What you will do
Print the whole listing below exactly as given, pictures excluded.

Provided data

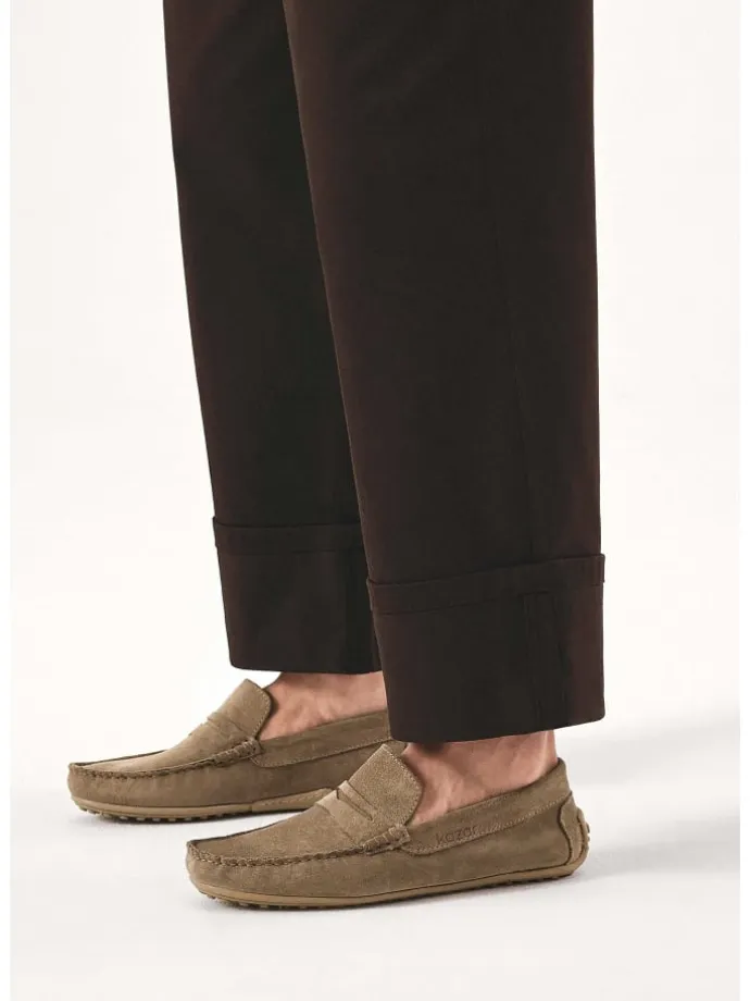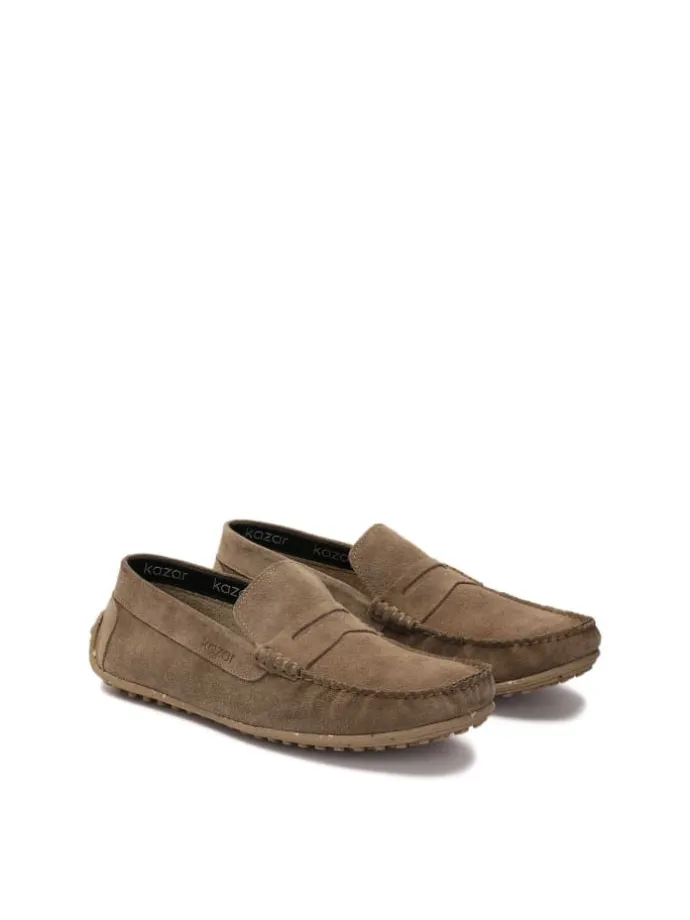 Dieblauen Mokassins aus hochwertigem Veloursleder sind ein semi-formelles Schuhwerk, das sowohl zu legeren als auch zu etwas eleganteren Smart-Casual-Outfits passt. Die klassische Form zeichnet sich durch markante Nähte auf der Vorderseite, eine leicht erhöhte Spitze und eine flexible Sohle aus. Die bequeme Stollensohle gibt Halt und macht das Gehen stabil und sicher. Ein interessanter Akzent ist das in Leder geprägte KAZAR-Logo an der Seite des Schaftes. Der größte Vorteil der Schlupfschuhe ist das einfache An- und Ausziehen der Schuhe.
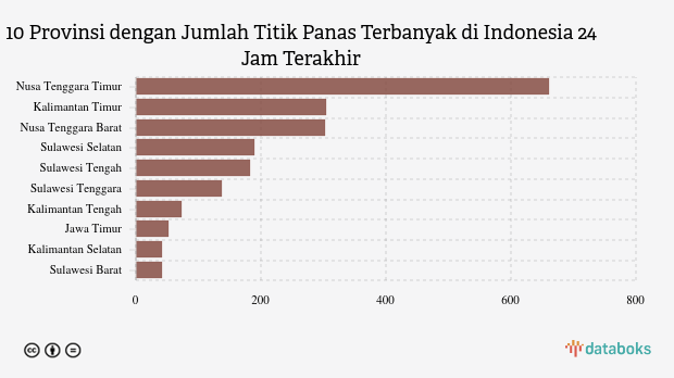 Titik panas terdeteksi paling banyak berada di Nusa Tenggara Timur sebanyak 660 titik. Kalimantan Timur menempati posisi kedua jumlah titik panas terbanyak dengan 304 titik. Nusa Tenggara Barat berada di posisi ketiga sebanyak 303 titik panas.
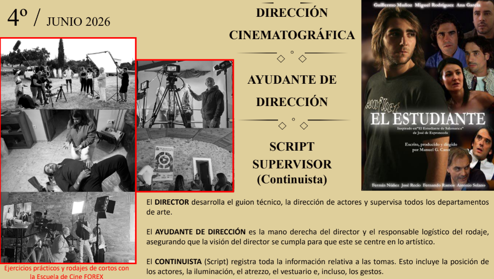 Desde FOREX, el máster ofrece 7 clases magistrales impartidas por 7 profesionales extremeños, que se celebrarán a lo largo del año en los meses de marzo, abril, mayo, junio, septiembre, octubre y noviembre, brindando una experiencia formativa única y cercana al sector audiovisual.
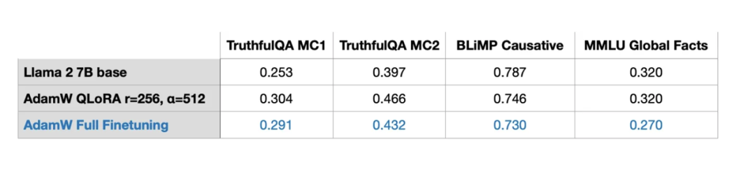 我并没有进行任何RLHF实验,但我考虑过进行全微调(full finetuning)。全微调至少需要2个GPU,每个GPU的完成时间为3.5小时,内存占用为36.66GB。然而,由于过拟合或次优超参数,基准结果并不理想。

Solution
 Dieblauen Mokassins aus hochwertigem Veloursleder sind ein semi-formelles Schuhwerk, das sowohl zu legeren als auch zu etwas eleganteren Smart-Casual-Outfits passt. Die klassische Form zeichnet sich durch markante Nähte auf der Vorderseite, eine leicht erhöhte Spitze und eine flexible Sohle aus. Die bequeme Stollensohle gibt Halt und macht das Gehen stabil und sicher. Ein interessanter Akzent ist das in Leder geprägte KAZAR-Logo an der Seite des Schaftes. Der größte Vorteil der Schlupfschuhe ist das einfache An- und Ausziehen der Schuhe.
 Titik panas terdeteksi paling banyak berada di Nusa Tenggara Timur sebanyak 660 titik. Kalimantan Timur menempati posisi kedua jumlah titik panas terbanyak dengan 304 titik. Nusa Tenggara Barat berada di posisi ketiga sebanyak 303 titik panas.
 Desde FOREX, el máster ofrece 7 clases magistrales impartidas por 7 profesionales extremeños, que se celebrarán a lo largo del año en los meses de marzo, abril, mayo, junio, septiembre, octubre y noviembre, brindando una experiencia formativa única y cercana al sector audiovisual.
 我并没有进行任何RLHF实验,但我考虑过进行全微调(full finetuning)。全微调至少需要2个GPU,每个GPU的完成时间为3.5小时,内存占用为36.66GB。然而,由于过拟合或次优超参数,基准结果并不理想。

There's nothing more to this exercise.